I pull the knob from my coat pocket and place it in his hand.
He turns it one way, then another. Its unique, floral scrawling really makes it beautiful. A shame, really. “We have to destroy this, as quickly as possible.”
“Then we destroy it. And go back home.”
A solemn pain overtakes him, one I’m guessing has nothing to do with the bruises on his throat.
I readjust my weight to sit across from instead of beside him. “What is it?”
“Destroying this will sever the pathway for good,” he says. “We won’t be able to access it any longer. It will be done, as we planned from the beginning.”
“No pathway means…” I don’t say it, my voice trailing off.
He swallows, wincing at the pain it causes him. “I will wait for you to get through.”
“Nikolay…”
“And then when I’m certain you’ve returned to your own time, I will destroy it, the way we did with the others.”

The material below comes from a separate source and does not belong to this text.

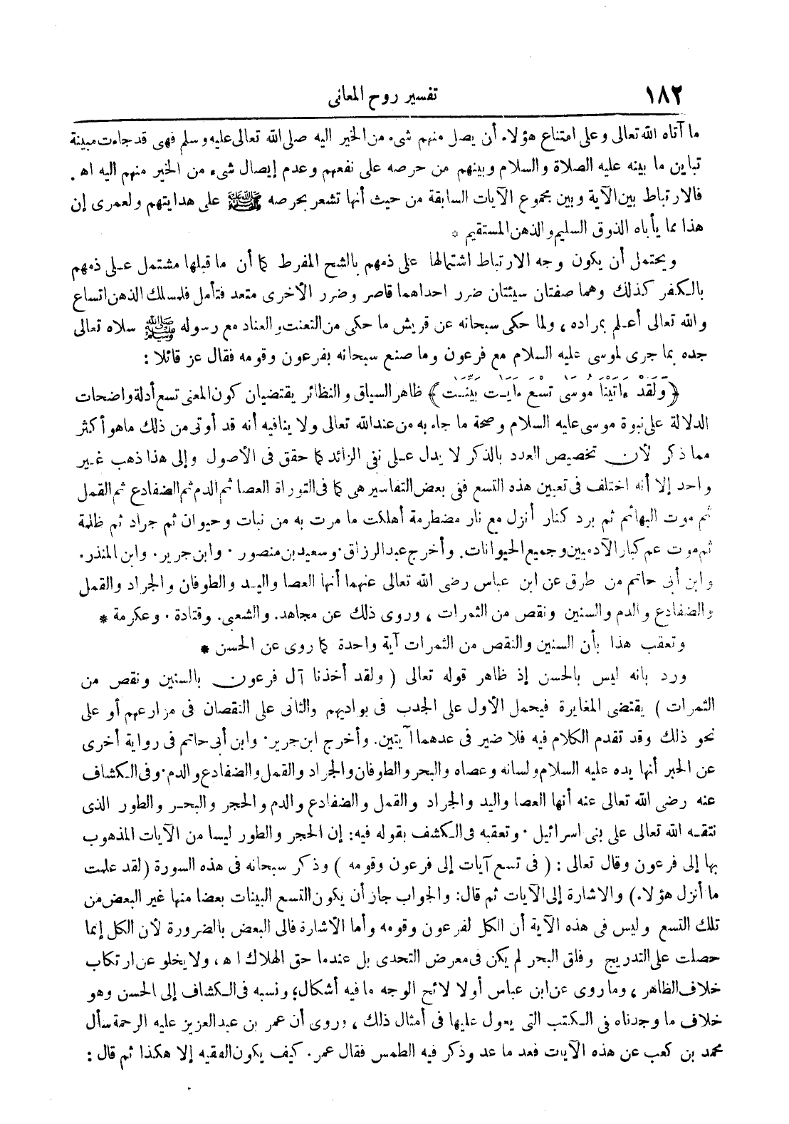 ويحتمل أن يكون وجه الارتباط اشتمالها على ذمهم بالشح المفرط كما أن ما قبلها مشتمل على ذمهم بالكفر كذلك وهما صفتان سيئتان ضرر إحداهما قاصر وضرر الأخرى متعد فتأمل فلمسلك الذهن اتساع والله تعالى أعلم بمراده ولما حكى سبحانه عن قريش ما حكى من التعنت والعناد مع رسوله سلاه تعالى جده بما جرى لموسى عليه السلام مع فرعون وما صنع سبحانه بفرعون وقومه فقال عز قائلا : ولقد ءاتينا موسى تسع ءايت بينت ظاهر السياق والنظائر يقتضيان كون المعنى تسع أدلة واضحات الدلالة على نبوة موسى عليه السلام وصحة ما جاء به من عند الله تعالى ولا ينافيه أنه قد أوتي من ذلك ما هو أكثر مما ذكر لأن تخصيص العدد بالذكر لا يدل على نفي الزائد كما حقق في الأصول وإلى هذا ذهب غير واحد إلا أنه اختلف في تعيين هذه التسع ففي بعض التفاسير هي كما في التوراة العصا ثم الدم ثم الضفادع ثم القمل ثم موت البهائم ثم برد كنار أنزل مع نار مضطرمة أهلكت ما مرت به من نبات وحيوان ثم جراد ثم ظلمة ثم موت عم كبار الآدميين وجميع الحيوانات وأخرج عبد الرزاق وسعيد بن منصور وابن جرير وابن المنذر وابن أبي حاتم من طرق عن ابن عباس رضي الله تعالى عنهما أنها العصا واليد والطوفان والجراد والقمل والضفادع والدم والسنين ونقص من الثمرات وروى ذلك عن مجاهد والشعبي وقتادة وعكرمة

My chest tightens, hating the words. I glance around at the gas lamp on his desk, old-fashioned chairs, the touches of the past right before my face.
“No,” I tell him.
“There is no other way. We can’t leave it. Layla is bound to this knob, Everly. If we try to take it back to 2017 and destroy it, it will continue to exist in all points of time where there are still five doors in existence until then. We must destroy it here, in 1921, to stop it from being used in the interim years.”
“And killing Layla.”
“This will destroy that last, tenuous connection that made it possible for you to travel here and find me. This is my time, Everly. That is why my cypher brought you here. You must go back to your time.”
I press my eyes closed, fighting away the tears building there. “But I just got you back.”
“Everly—”
“I’m staying.”
“What?”
I open my eyes, taking in the shock masking his face. “You stay, I stay.”
Softness trails his eyes. “You will never see your family again. You will never see Piper again, nor your own time. This is my time. This is where I belong. I was never granted a full life here, but I will have one now.”
“And I can’t go back knowing you’re alive here and living without me. I lost you once, Nikolay, and I can’t live like that. I was miserable. I couldn’t rest until I found my way back to you. I’m staying.”
“You would do that for me.” It’s almost not a question.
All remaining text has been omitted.